REQUIRED WORK >>
Transcribe the lines below exactly. No image belongs in the transcription.

RAW DATA >>
┄┄┄┄┄┄┄┄┄┄┄┄┄┄┄┄┄┄┄┄
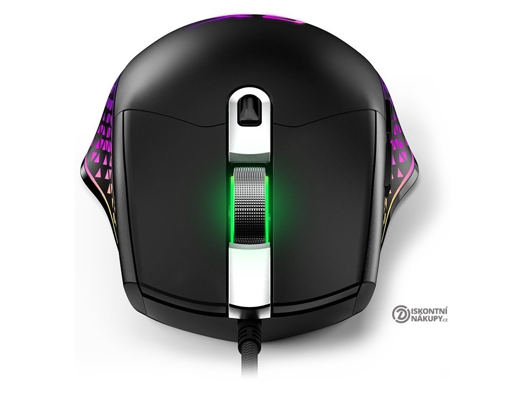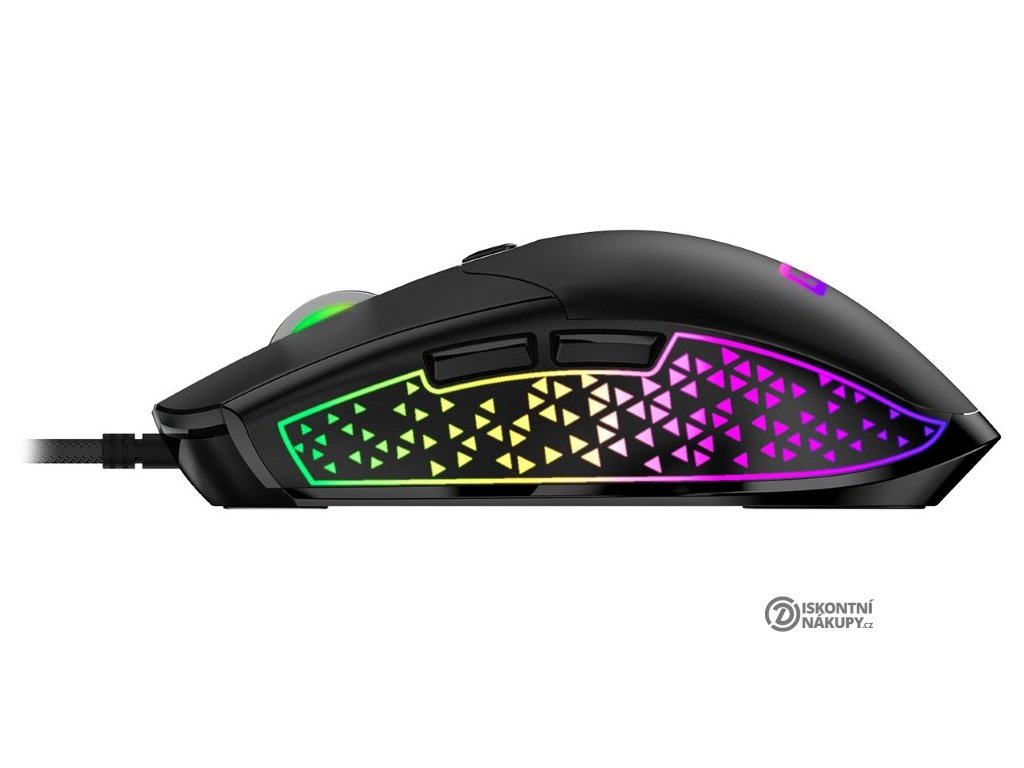 Herní myš disponující 6 tlačítky a vysoce přesným optickým senzorem s nastavitelným rozlišením v rozmezí 800 až 7200 DPI. Ergonomický herní design myši doplňuje RGB podsvícení. Pro připojení k počítači slouží 1,8 m dlouhý opletený kabel zakončený USB konektorem.
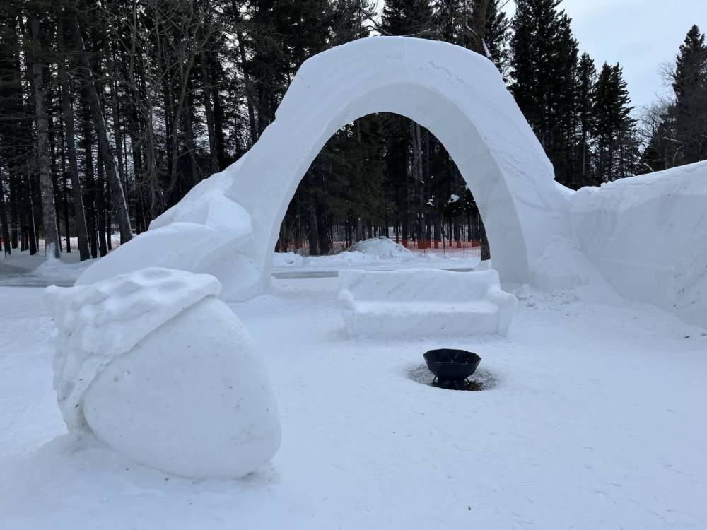SUPPLIED Anvil Tree built a snow pavilion at Riding Mountain National Park that features multiple sculptures, including a catenary arch, “snowfa” — a sofa made from snow, and a strawberry.
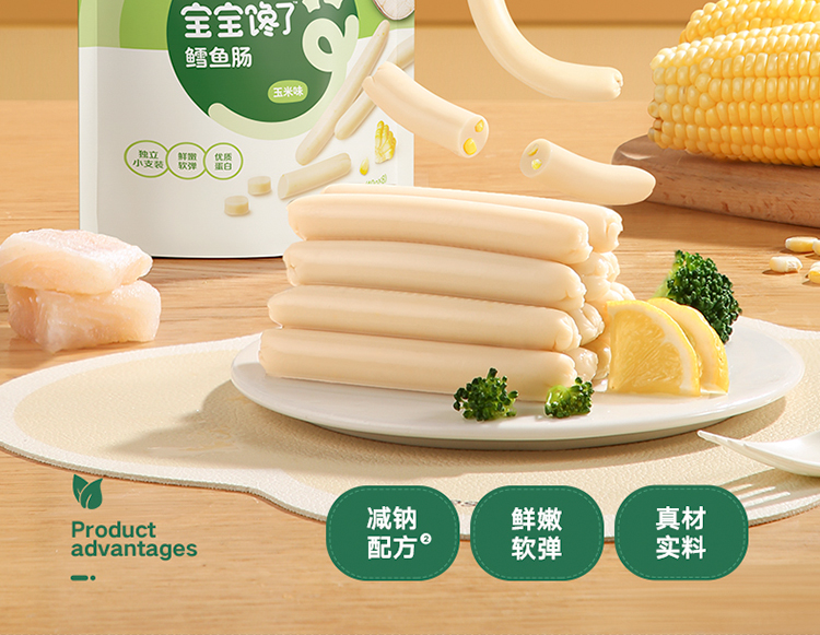 【宝宝馋了】袋装鳕鱼肠(原味/玉米味) 深海鳕鱼肉 送12月+婴幼儿食谱
┄┄┄┄┄┄┄┄┄┄┄┄┄┄┄┄┄┄┄┄
RESULT OF THIS TASK >>
 Herní myš disponující 6 tlačítky a vysoce přesným optickým senzorem s nastavitelným rozlišením v rozmezí 800 až 7200 DPI. Ergonomický herní design myši doplňuje RGB podsvícení. Pro připojení k počítači slouží 1,8 m dlouhý opletený kabel zakončený USB konektorem.
SUPPLIED Anvil Tree built a snow pavilion at Riding Mountain National Park that features multiple sculptures, including a catenary arch, “snowfa” — a sofa made from snow, and a strawberry.
 【宝宝馋了】袋装鳕鱼肠(原味/玉米味) 深海鳕鱼肉 送12月+婴幼儿食谱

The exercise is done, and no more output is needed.